:: PROVIDED ENTRIES
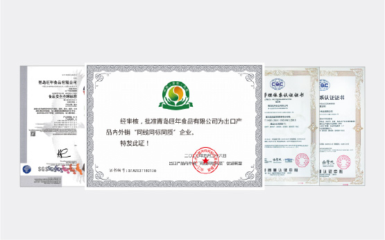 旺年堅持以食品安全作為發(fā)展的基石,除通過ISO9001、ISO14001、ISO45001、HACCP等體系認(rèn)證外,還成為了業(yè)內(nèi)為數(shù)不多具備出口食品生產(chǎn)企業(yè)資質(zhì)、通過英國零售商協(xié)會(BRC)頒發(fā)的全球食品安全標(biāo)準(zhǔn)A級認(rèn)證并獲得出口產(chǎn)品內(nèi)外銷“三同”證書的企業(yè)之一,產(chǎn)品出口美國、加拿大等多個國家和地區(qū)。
::::
:: PROVIDED ENTRIES
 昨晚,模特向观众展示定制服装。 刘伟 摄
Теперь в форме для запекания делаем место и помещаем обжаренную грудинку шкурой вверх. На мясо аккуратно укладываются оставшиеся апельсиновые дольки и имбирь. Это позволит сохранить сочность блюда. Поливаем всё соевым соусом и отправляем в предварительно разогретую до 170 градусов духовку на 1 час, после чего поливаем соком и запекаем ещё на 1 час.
::::
The expected answer is an exact copy of the lines above, beginning at the line with "昨晚,模特向观众展示定制服装。 刘伟 摄" and ending at the line with "Теперь в форме", with both ends in.

WRITTEN ANSWER –
 昨晚,模特向观众展示定制服装。 刘伟 摄
Теперь в форме для запекания делаем место и помещаем обжаренную грудинку шкурой вверх. На мясо аккуратно укладываются оставшиеся апельсиновые дольки и имбирь. Это позволит сохранить сочность блюда. Поливаем всё соевым соусом и отправляем в предварительно разогретую до 170 градусов духовку на 1 час, после чего поливаем соком и запекаем ещё на 1 час.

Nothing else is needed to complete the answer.